SEC sues SolarWinds for misleading investors before 2020 hack


The U.S. Securities and Exchange Commission (SEC) today charged SolarWinds with defrauding investors by allegedly concealing cybersecurity defense issues before a December 2020 linked to APT29, the Russian Foreign Intelligence Service (SVR) hacking division.

This threat group orchestrated the SolarWinds supply-chain attack, which led to the breach of multiple U.S. federal agencies three years ago.

The SEC claims SolarWinds failed to notify investors about cybersecurity risks and poor practices that its Chief Information Security Officer, Timothy G. Brown (also facing legal action from regulatory authorities), knew about. Instead, the company reportedly disclosed only broad and theoretical risks to its investors.

“We allege that, for years, SolarWinds and Brown ignored repeated red flags about SolarWinds’ cyber risks, which were well known throughout the company and led one of Brown’s subordinates to conclude: ‘We’re so far from being a security minded company,'” said Gurbir S. Grewal, the head of SEC’s Division of Enforcement.

“Rather than address these vulnerabilities, SolarWinds and Brown engaged in a campaign to paint a false picture of the company’s cyber controls environment, thereby depriving investors of accurate material information.”

The regulator claims that Brown was already aware that attackers that would hack SolarWinds’ systems remotely would be very hard to detect since at least 2018, according to presentations saying that the “current state of security leaves us in a very vulnerable state for our critical assets” and that “[a]ccess and privilege to critical systems/data is inappropriate.”

Brown also expressed concerns in June 2020 that attackers could use SolarWinds’ Orion software (which was trojanized by the Russian hackers to breach customers’ systems months later) as a tool in future attacks because the company’s backend systems were not “resilient.”

Two months before the attack, the SEC says that a SolarWinds internal document revealed that the engineering teams were no longer able to keep up with a long list of new security issues that they had to address.

“It is alarming that the Securities and Exchange Commission (SEC) has now filed what we believe is a misguided and improper enforcement action against us, representing a regressive set of views and actions inconsistent with the progress the industry needs to make and the government encourages,” said President and Chief Executive Officer Sudhakar Ramakrishna in response to SEC’s charges.

“We made a deliberate choice to speak—candidly and frequently—with the goal of sharing what we learned to help others become more secure. We partnered closely with the government and encouraged other companies to be more open about security by sharing information and best practices.

“The SEC’s charges now risk the open information-sharing across the industry that cybersecurity experts agree is needed for our collective security.”
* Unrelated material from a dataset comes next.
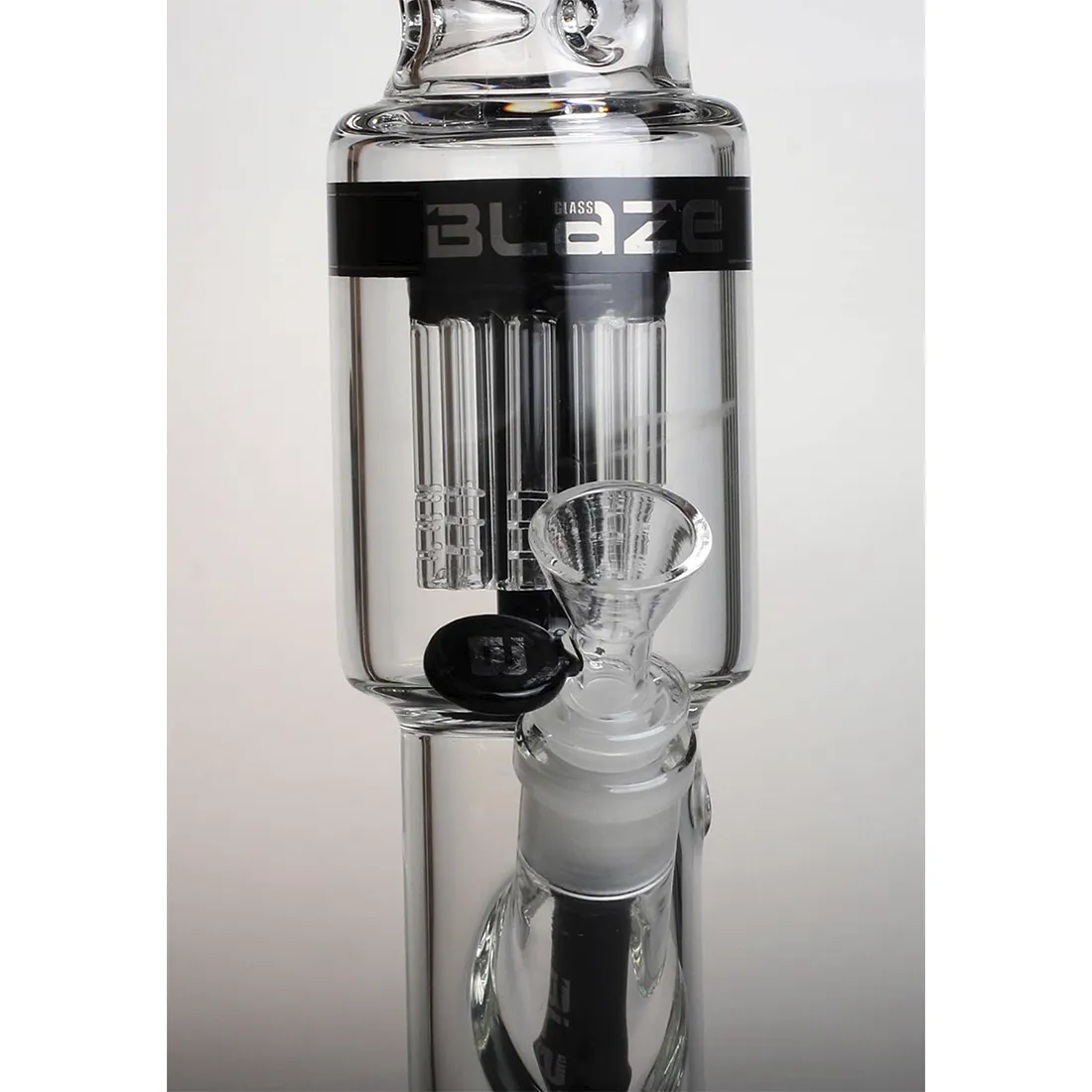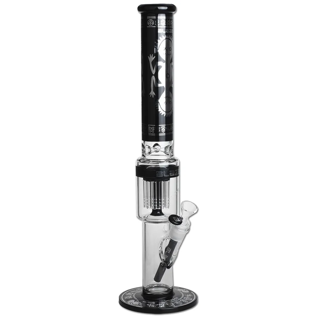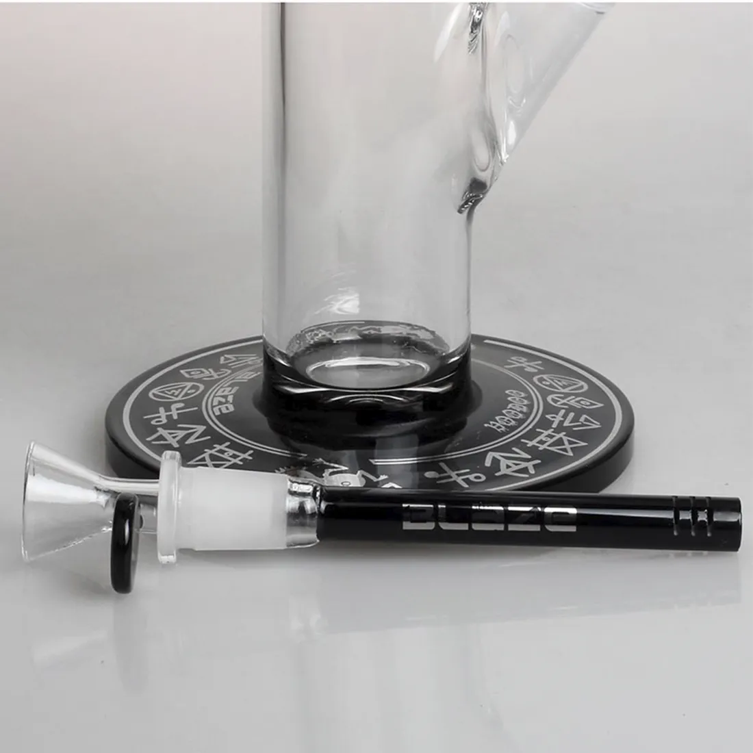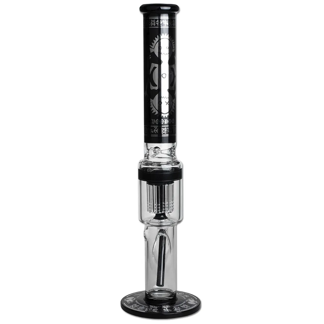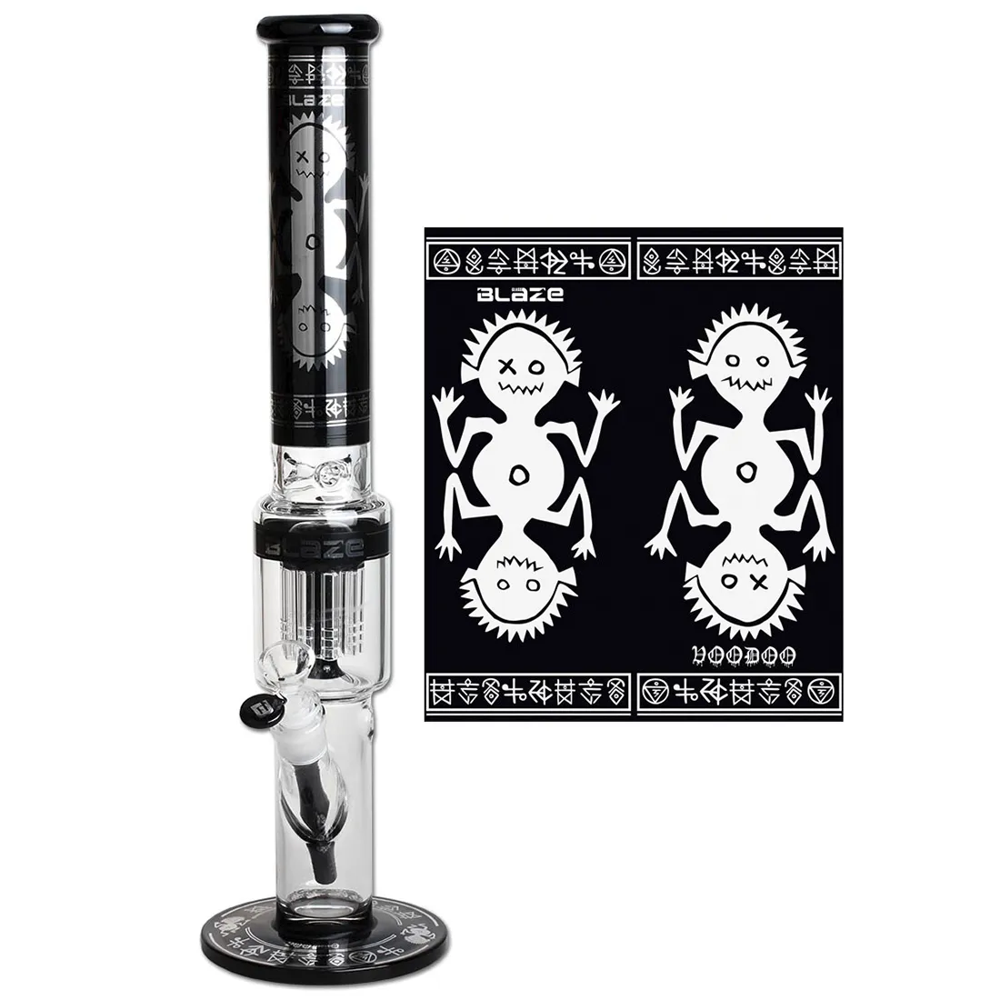 Denne Vodoo 10-Arm Percolator Bong fra Blaze Glass, er en bong skabt til den kræsne ryger, der ønsker både stil og gode funktioner i samme sug. Denne håndlavede model kombinerer teknisk finesse, med et dragende og mystisk design. Det dybsorte varmesikret borosilikatglas, giver en sofistikeret kontrast til det metalliske vodoo-print, som pryder både basen og halsen.Bongen kommer med en kraftfuld 10-armet percolator, der effektivt fordeler røgen gennem vandet, og dermed sikrer en blød og filtreret rygeoplevelse. Slamrøret kommer med slidsdiffusers, der giver et ekstra behageligt bobleflow og køling, mens isfangeren op langs halsen giver dig mulighed for at tilføje en solid mængde isterninger, hvis du ikke kan få køling nok.Bunden er bred og rund, og sikrer god stabilitet under hver session. Derudover kommer den med en praktisk hank med rulle-stop funktion på bonghovedet, og et komfortabelt afrundet mundstykke, der gør inhaleringen ekstra behagelig. Vi anbefaler en rist på 10-12,5 mm.

Earlier this year, the SEC sent Wells notices related to its inquiry into the 2020 breach to the company and SolarWinds executives, including the CFO and CISO. These notices informed the recipients that SEC staff is advocating for a civil enforcement action against them, alleging violations of U.S. federal securities laws.

The Russian APT29 threat group breached SolarWinds’ internal systems and trojanized the SolarWinds Orion IT administration platform and subsequent builds released between March 2020 and June 2020.

The malicious builds were used to drop the Sunburst backdoor onto the systems of “fewer than 18,000” victims. However, the attackers handpicked a substantially lower number of targets for second-stage exploitation.

SolarWinds says it has more than 300,000 customers worldwide and 96% of Fortune 500 companies, including all top ten U.S. telecom companies, Apple, Google, Amazon, and a long list of govt agencies (such as the U.S. Military, the U.S. Pentagon, the State Department, NASA, NSA, Postal Service, NOAA, the U.S. Department of Justice, and the Office of the President of the United States).

Multiple U.S. govt agencies later confirmed that they were breached, including the Department of State, the Department of Homeland Security (DHS), the Department of the Treasury, the Department of Energy (DOE), the National Telecommunications and Information Administration (NTIA), the National Institutes of Health (NIH) (part of the U.S. Department of Health), and the National Nuclear Security Administration (NNSA).

Update October 30, 18:14 EDT: A SolarWinds spokesperson sent the following statement after the article was published:

We are disappointed by the SEC’s unfounded charges related to a Russian cyberattack on an American company and are deeply concerned this action will put our national security at risk. The SEC’s determination to manufacture a claim against us and our CISO is another example of the agency’s overreach and should alarm all public companies and committed cybersecurity professionals across the country. We look forward to clarifying the truth in court and continuing to support our customers through our Secure by Design commitments.